FoldPrinter

Made by: @Bingley Repository link: https://github.com/BingleyPro/foldprinter Total hours so far: 2

• I have a 3D printer or will be getting one before March 21st

March 2nd, 2025

5:48pm: Time to start planning. I have literally no idea where to start or what to do, so I betetr figure that out first.

6:26pm: Finished making a basic sketch:

I realised my orginal thought process wasn’t actually possible, but I made design #1, where the tall thingys move back and forth. I haven’t seen this on a printer before, it’s either the build plate moving (not really possible with the constraints) or the extruder moving two ways (again, not entirely possible, but a fold out thing could be possible but very difficult). I think I will stick with this design for now.

Design #2 just another quick idea to test my brain.
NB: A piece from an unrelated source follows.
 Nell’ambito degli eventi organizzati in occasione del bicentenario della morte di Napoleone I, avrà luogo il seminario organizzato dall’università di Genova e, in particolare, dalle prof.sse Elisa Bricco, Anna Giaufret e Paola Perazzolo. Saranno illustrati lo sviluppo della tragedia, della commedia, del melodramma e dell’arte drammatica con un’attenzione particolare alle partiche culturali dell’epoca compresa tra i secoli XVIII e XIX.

This does have a moving build plate (conveyor belt!) but I don’t think this is the best idea and it has a good chance of not working.

So far, I’m sticking with design #1.

6:38pm: Here are my current goals for this printer:

• To be portable enough to fit in a suitcase
• To be to survive being upside down and some jolting around (but not while printing!)
• To be able to easily plug in and power the print
• To be able to reliably fold and unfold the printer a million times
• To be able to print with millimeter precision
• To be easy enough for an end user to use.

And for some extra goals:

• Have an in-built battery (although, 3D printers take a lot of power so you wouldn’t be able to run very long with this)
• Have a touch screen for controlling the printer
• Have a USB-A / micro-SD card slot for sending over designs
• Have in-built storage with a micro-SD card (actually, isn’t this a requirement because the printer has to be actively reading this?)

Still have no idea really where to start but to do some research!

6:48pm: Started watching https://www.youtube.com/watch?v=JdfztjEP_bI to 1:53!

7:59pm: Ready to continue the above video and take notes! Going to watch it from the start again.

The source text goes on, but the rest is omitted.